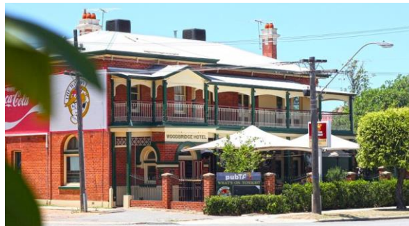
Woodbridge Hotel at 50 East Street, Guildford in 1902 and 2013 ( Western Mail , 25 December 1902, p.88; www.woodbridgehotel.com.au )
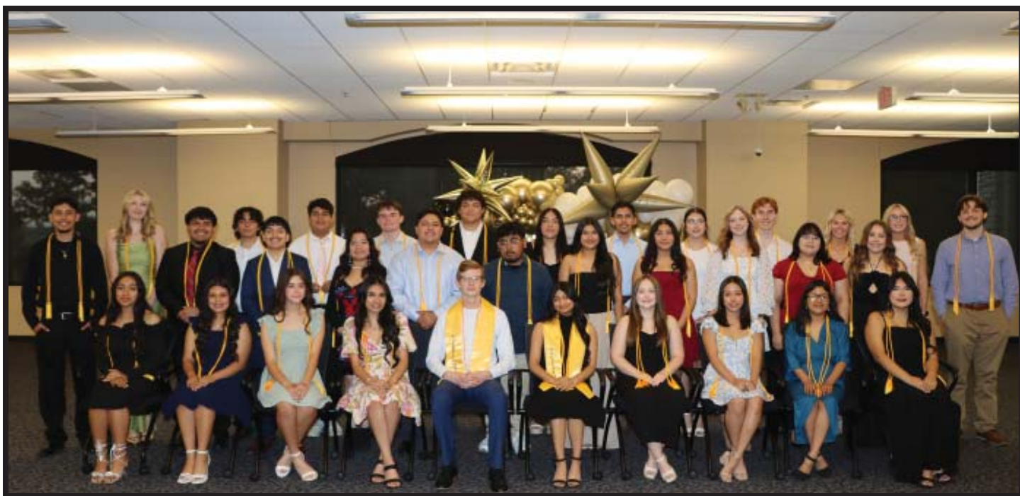
MPHS Class of 2025 Honor Graduates
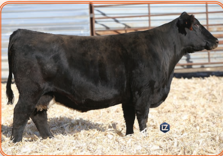
LOT 54 - DOUBLE J MISS Z228
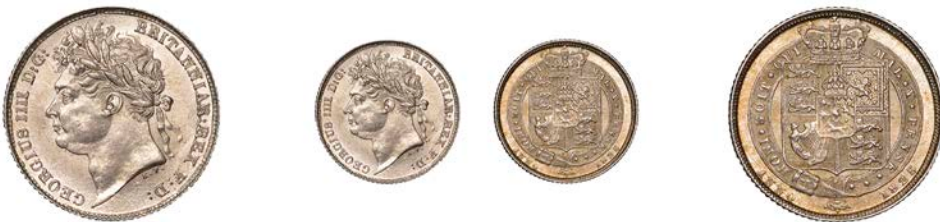
538 Sixpence, 1825 (ESC 2427; S 3814). Extremely fine
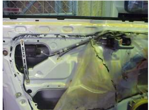
Completed front passenger side door.
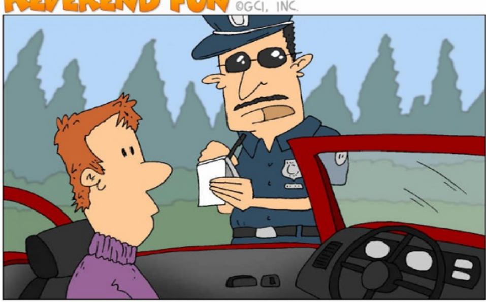
GOD GAVE YOU FREE WILL ... THE CITY DID NOT
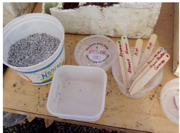
Propagation Materials. Sara Cucksey, PCEI
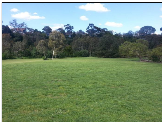
This is what the dog off lead area usually looks like
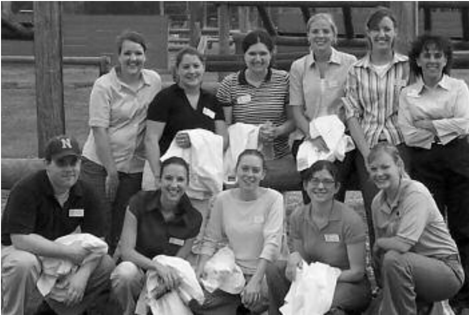
SU physical therapist students and faculty at the "O" course (Obstacle) at the Quantico Marine Base.
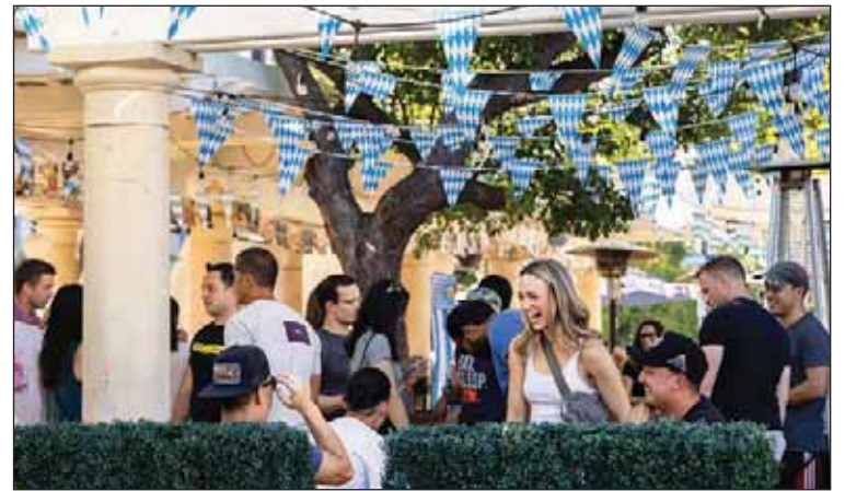
The patio at Ludwig's Biergarten in Mountain View is typically bustling during happy hour.
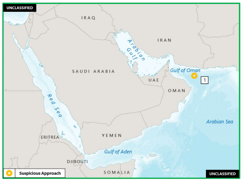
(U) Figure 1. Indian Ocean – East Africa – Red Sea Suspicious Approach
____________________
*PROBLEM TO SOLVE*. Exactly repeat only the lines from the one with "The patio at" to the closing line above, both included, and omit every picture.

*RESULT FOR THIS EXERCISE*.
The patio at Ludwig's Biergarten in Mountain View is typically bustling during happy hour.
(U) Figure 1. Indian Ocean – East Africa – Red Sea Suspicious Approach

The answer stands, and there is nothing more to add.